Volume 103, Number 1
Page 7

DOI: 10.1511/2015.112.7

Is there a fundamental unit of space, and hence a baseline graininess to the universe? If so, that limit caps the total possible amount of information the universe can store. It also has a weirder implication: The three-dimensional reality we perceive might be an illusion—a projection of space similar to a hologram, which is actually encoded in two dimensions. As bizarre as those ideas may sound, they are actually testable. Aaron Chou, a physicist at the Fermi National Accelerator Laboratory in Batavia, Illinois, is the lead scientist and project manager for the Holographic Interferometer, or Holometer for short. Chou explained to Managing Editor Fenella Saunders how the instrument may help answer some of these questions.


What is a holographic interferometer and what are you trying to find?

It’s two 40-foot-long laser interferometers, which make extremely precise measurements of the relative positions of different objects, in particular the relative positions of the mirrors inside these devices. Interferometers provide the best resolution of any instrument because they use billions and billions of photons, so you can make that measurement over and over again.
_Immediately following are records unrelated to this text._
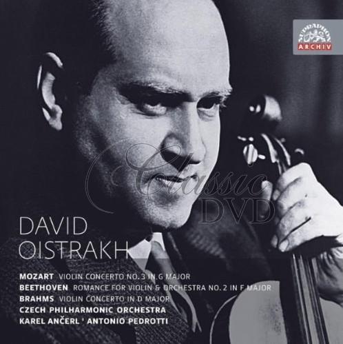 V Davidu Oistrachovi se roku 1908 v Oděse narodila jedna z největších houslových legend 20. století. Praha byla po válce (1946) jednou z prvních destinací jeho zahraničních cest; od té doby do 70. let se do ní opakovaně vracel jako houslista i dirigent. Díky technické suverenitě a překrásnému tónu s nenapodobitelnou vřelostí se stal nepřekonatelným interpretem velkých romantických koncertů. Příkladem může sloužit technicky velmi obtížný Brahmsův koncert D dur natočený v Praze s Českou filharmonií a A. Pedrottim. Ale skutečné mistrovství se často prokáže na zdánlivě jednoduchém klasicistním repertoáru; průzračná struktura a přímočará melodika vyžaduje od interpreta stylovou čistotou a vyrovnanost a kulturu tónu. Právě těmito devizami se vyznačuje Oistrachova nahrávka třetího Mozartova koncertu i Beethovenovy Romance op. 50, kterou s Karlem Ančerlem a Českou filharmonií pořídil roku 1954 již jako virtuos světového renomé. Pro účely tohoto vydání legendárních nahrávek byly snímky nově remasterovány z původních pásů. Nezapomenutelný Oistrachův Brahms, Beethoven a Mozart s citlivě oprášeným zvukem!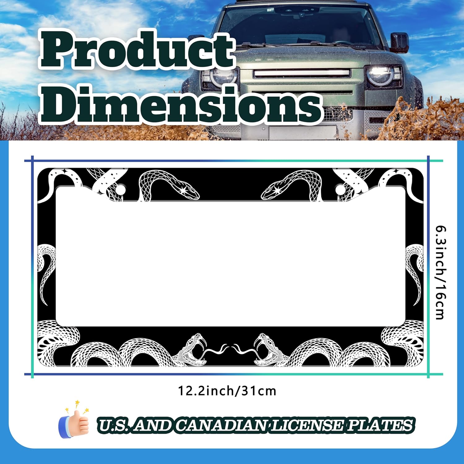 Black and White Snake Crawling License Plate Frame Gothic License Plate Holder for Front or Rear Car Tags Stainless Steel Funny Car Decoration with Screws 6.3 X 12.2 in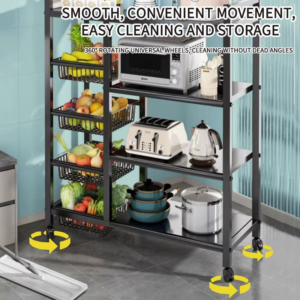 A placeholder for your knives, plates, chopping board, dish rack, storage rack and so on. It is also very easy to mount and clean up. Firm and very strong to bear any load you put on it.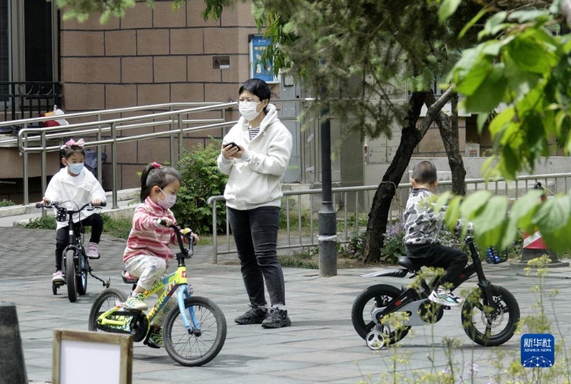 5月9日,孩子們在朝陽區(qū)一個小區(qū)內(nèi)的公共綠地玩耍。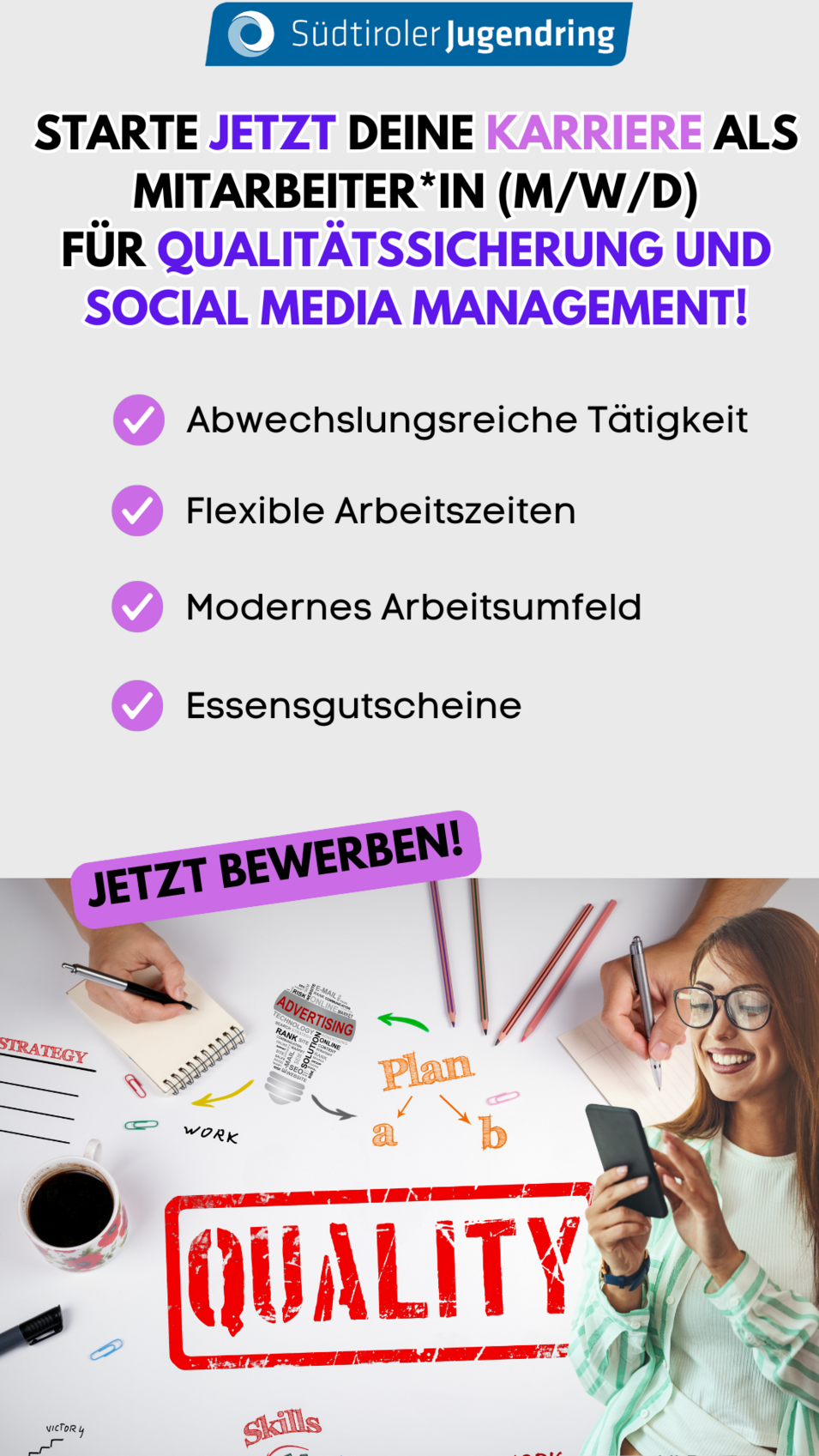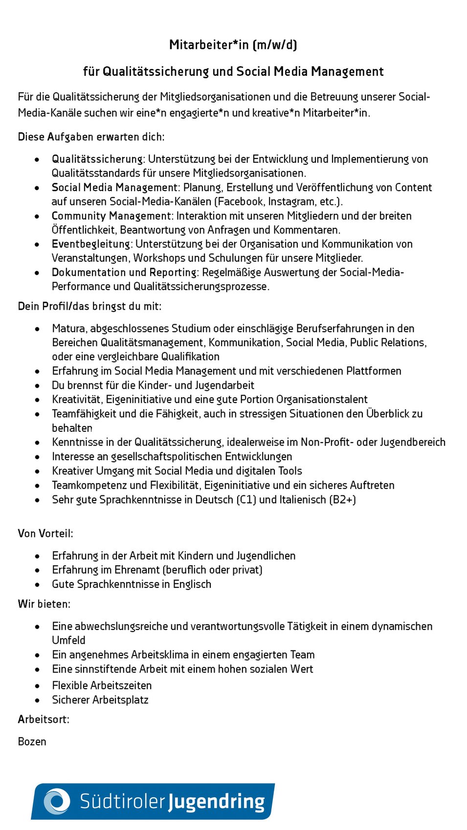 Wenn Du dich für diese spannende Herausforderung begeistern kannst, freuen wir uns auf Deine Bewerbung! Bitte sende die Bewerbungsunterlagen (Lebenslauf und persönliches Motivationsschreiben) innerhalb 30. November 2025 an manuela.weber@jugendring.it.
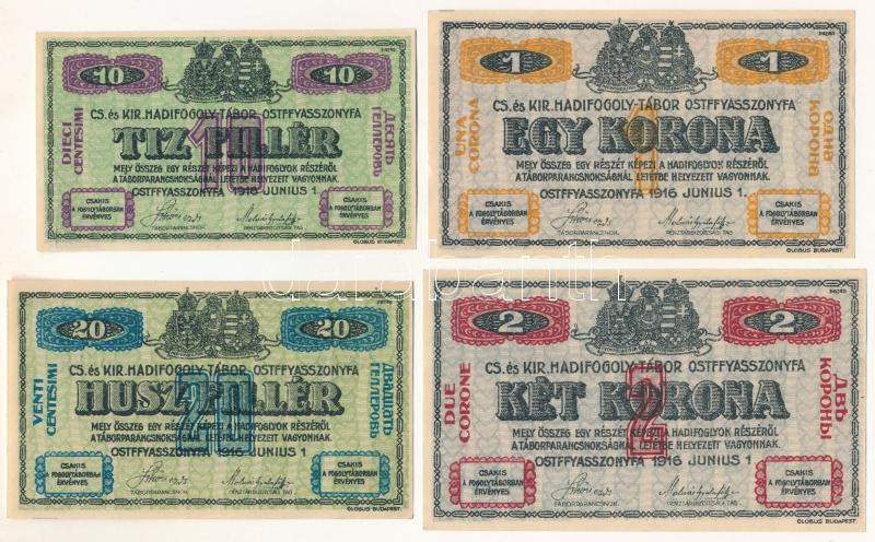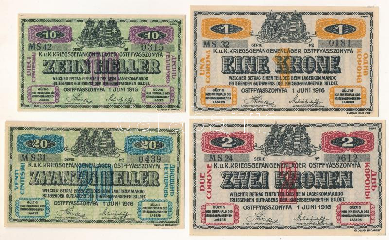 Hungary / Ostffyasszonyfa / POW Camp (Kriegsgefangenenlager) June 1st 1916. 10 Fillér / Heller + 20 Fillér / Heller + 1 Korona / Krone + 2 Korona / Kronen arabic series and serial numerals and "MS" C:AU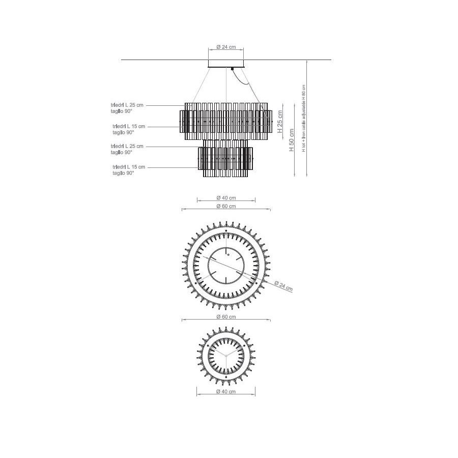 Coronis Chandelier A contemporary expression of timeless elegance and radiant light. The Coronis Chandelier embodies the perfect harmony between geometric precision and material refinement, designed for luxurious interiors such as living rooms, dining areas, and grand entrance halls. Its metal structure, enhanced by a 24K gold-plated galvanic finish, supports two luminous rings adorned with transparent glass trihedrons, each precisely cut at a 90° angle. These glass elements reflect and refract light, creating a mesmerizing interplay of brilliance and transparency that fills the space with elegance and airiness. The integrated high-efficiency LED strips diffuse a soft yet vibrant light along the circular frames, amplifying the purity of the glass and the warmth of gold. The result is a refined and enveloping glow, turning every setting into a scene of understated opulence. With a diameter of 60 cm and a height of 50 cm, Coronis combines harmonious proportions and scenic impact. Adjustable suspension cables allow for customized installation, while the dual luminous rings enhance architectural spaces with balance and sophistication. A true jewel of light, uniting glass artistry, Italian craftsmanship, and contemporary design in a perfect symphony of luxury and lightness.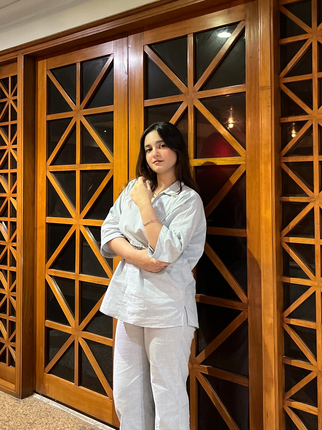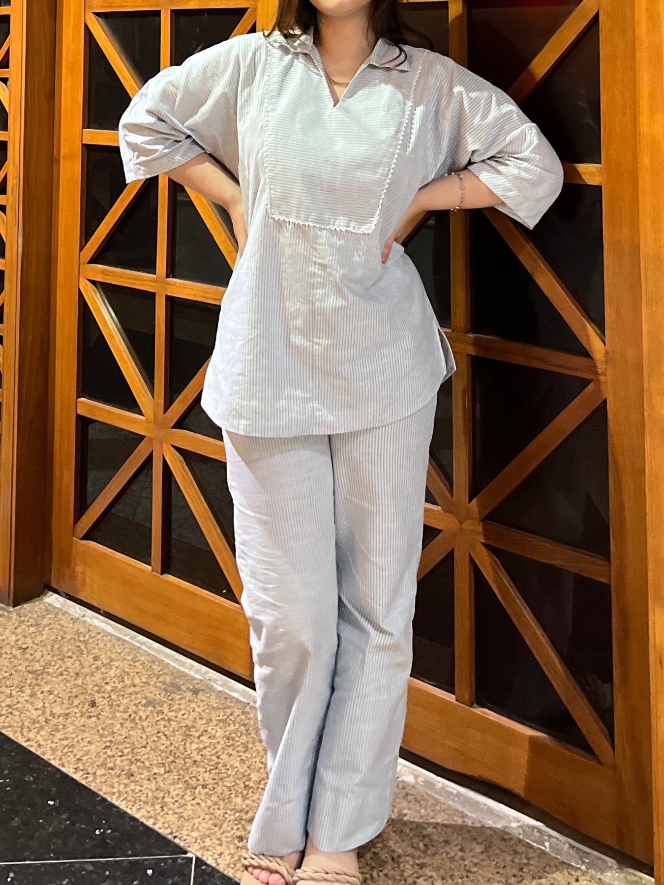 Stay effortlessly chic in this cotton 2-piece co-ord set, designed with soft vertical stripes that give a sleek look. The relaxed-fit shirt features a neat neckline with subtle detailing, paired with a straight-cut trouser for a polished yet comfortable style. Perfect for everyday casual wear, office looks, or laid-back gatherings, this co-ord set combines breathable cotton fabric with timeless elegance.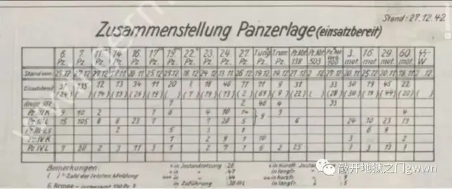 *号主注1:还有一份报告显示第6装甲师即使在多日后的12月22日,保有坦克数字比21日雄厚,达9辆短三,15辆长三,7辆长四。长管子数量不算少!而且此表格没计算二号和指挥坦克。而根据引用NARA的冬季风暴一书中,23日第6装甲师的战备坦克甚至恢复到了31辆三号和10辆四号(绝大多数是长管)而且21日后各个装甲师的坦克数字都不存在二号的上报,并不是没有战备的二号而是没上报。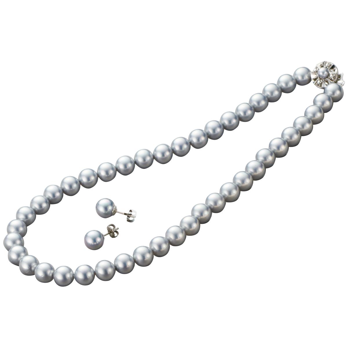 大切な日の装いに気品を添える。気品ある美しい輝きが装いに特別感を添え、ワンランク上の花珠調貝パールネックレスセット。華やかなシーンや厳かな場所でも。大人な女性を演出します。ーデザインー存在感のあるエレガントな9mm珠サイズ。全長42cmの鎖骨に乗るくらいの長さで、首元を華やかに。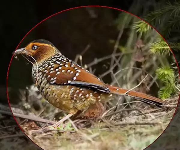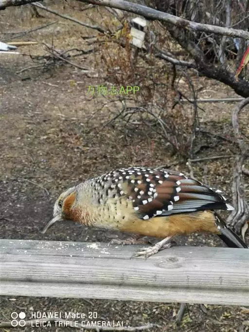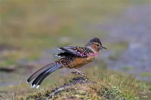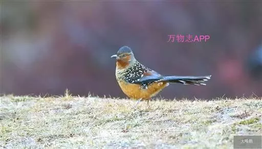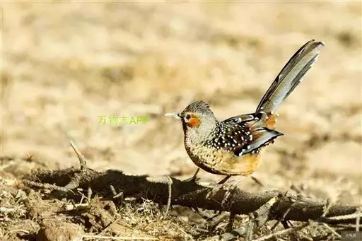 野外鉴别特征:中型鸟类,体长32-36厘米。额至头顶黑褐色,背栗褐色满杂以白色斑点,斑点前缘或四周还围有黑色。初级覆羽、大覆羽和初级飞羽具白色端斑。尾特长,均具黑色亚端斑和白色端斑。颏、喉棕褐色,喉具棕白色端斑和窄的黑色亚端斑,其余下体棕褐色。野外特征极明显,容易识别。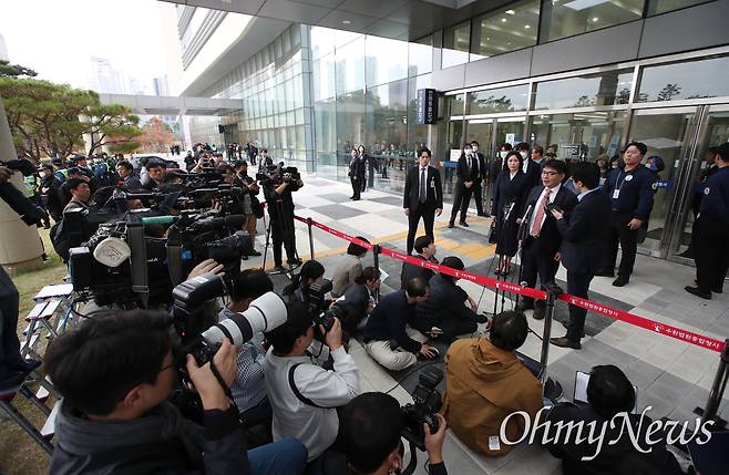 김 변호사 뒤쪽에 서있던 김씨는 별다른 입장을 밝히지 않고 현장을 떠났다.
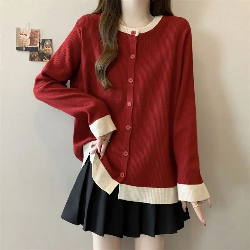 Women Clothing Contrast Plus Size Korean Tops Spring Autumn New Long Sleeve Loose Patchwork Casual T Shirts Fashion Lazy Style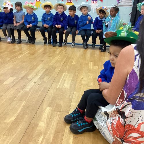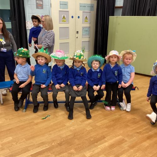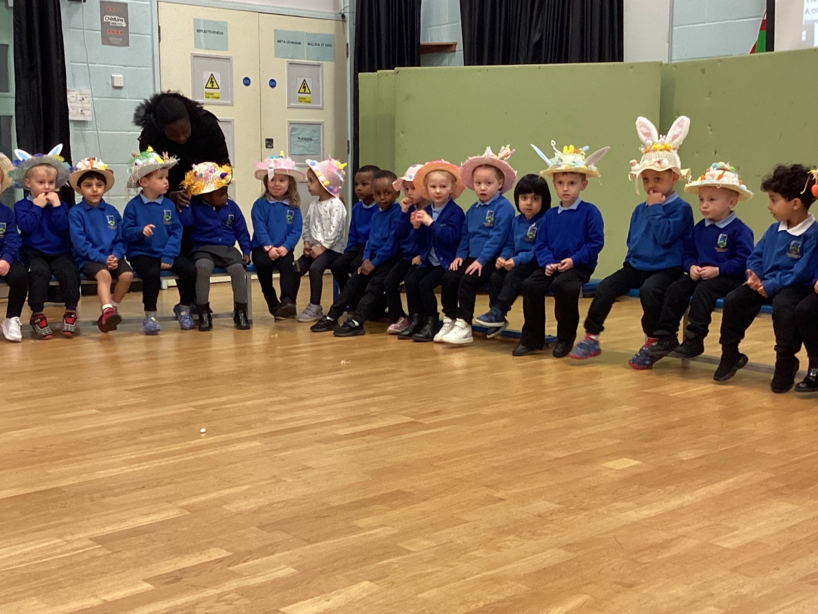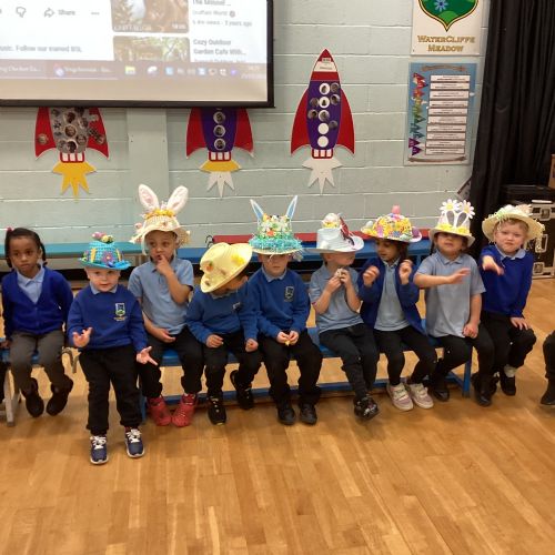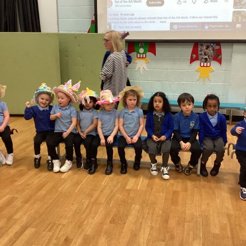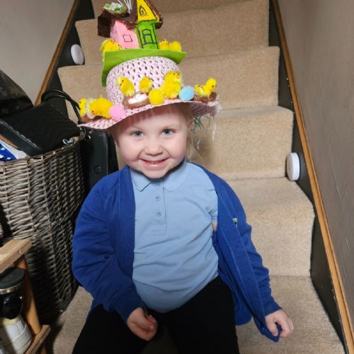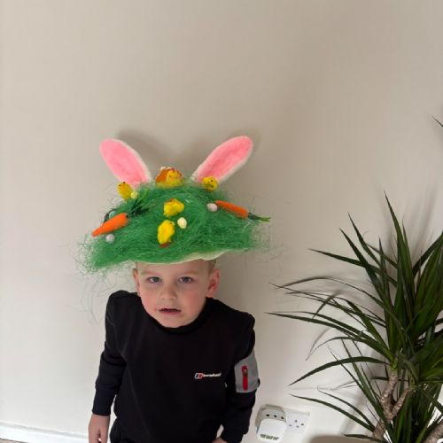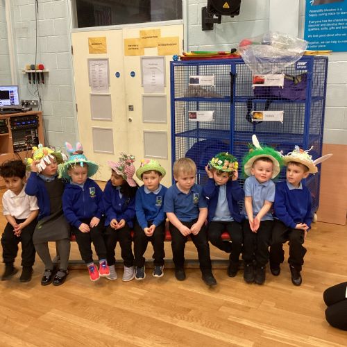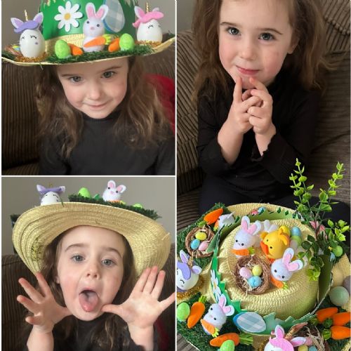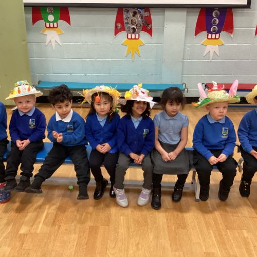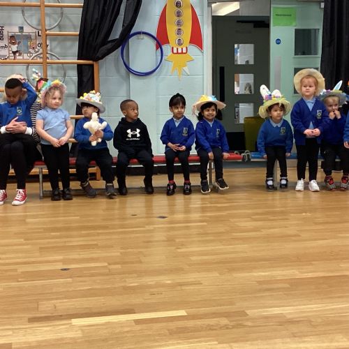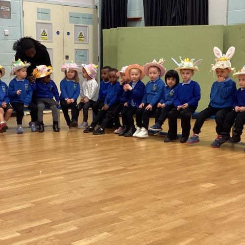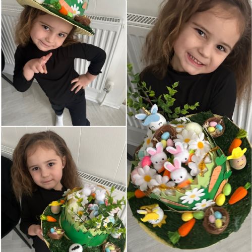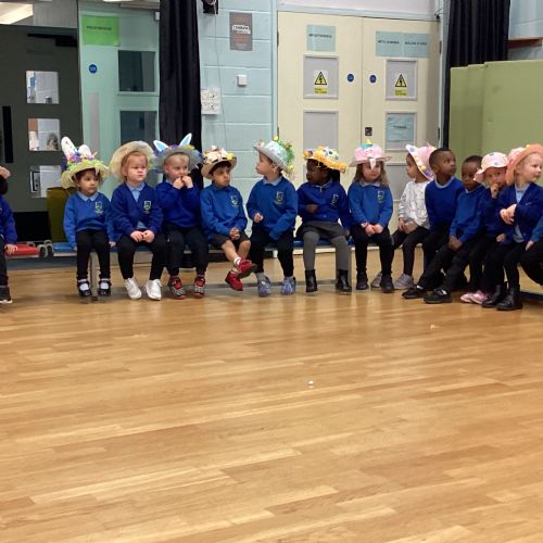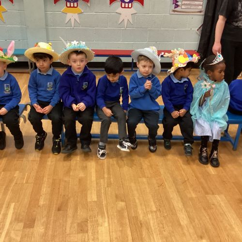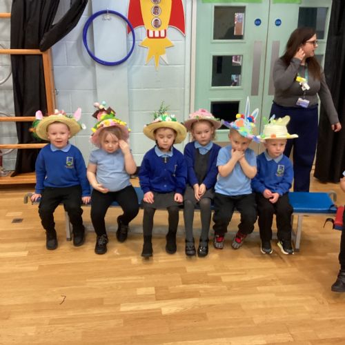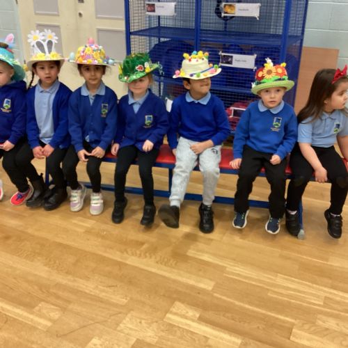 Today was our Easter Bonnet parade. Lots of us made amazing bonnets at home which our teachers were very impressed with! We sang the Spring Chicken song for grown-ups and paraded around the hall wearing our bonnets. We were amazing!

We’re using about 1022 photons per second. We’re resolving positions to about 1,000 times smaller than the size of an atomic nucleus.

We are trying to see if there is any ultimate limit in the precision that one can possibly make in this kind or any other kind of measurement. There are some ideas originating from gravitational physics and quantum mechanics that imply that the information storage capacity of the space-time itself that we live in is finite, that it’s just like in a hard drive or a memory stick, there’s a maximum amount of information that you could possibly pack in. If you try to measure it better than that precision, you won’t be able to because space doesn’t have any more digits to give you.

Photographs courtesy of Fermilab.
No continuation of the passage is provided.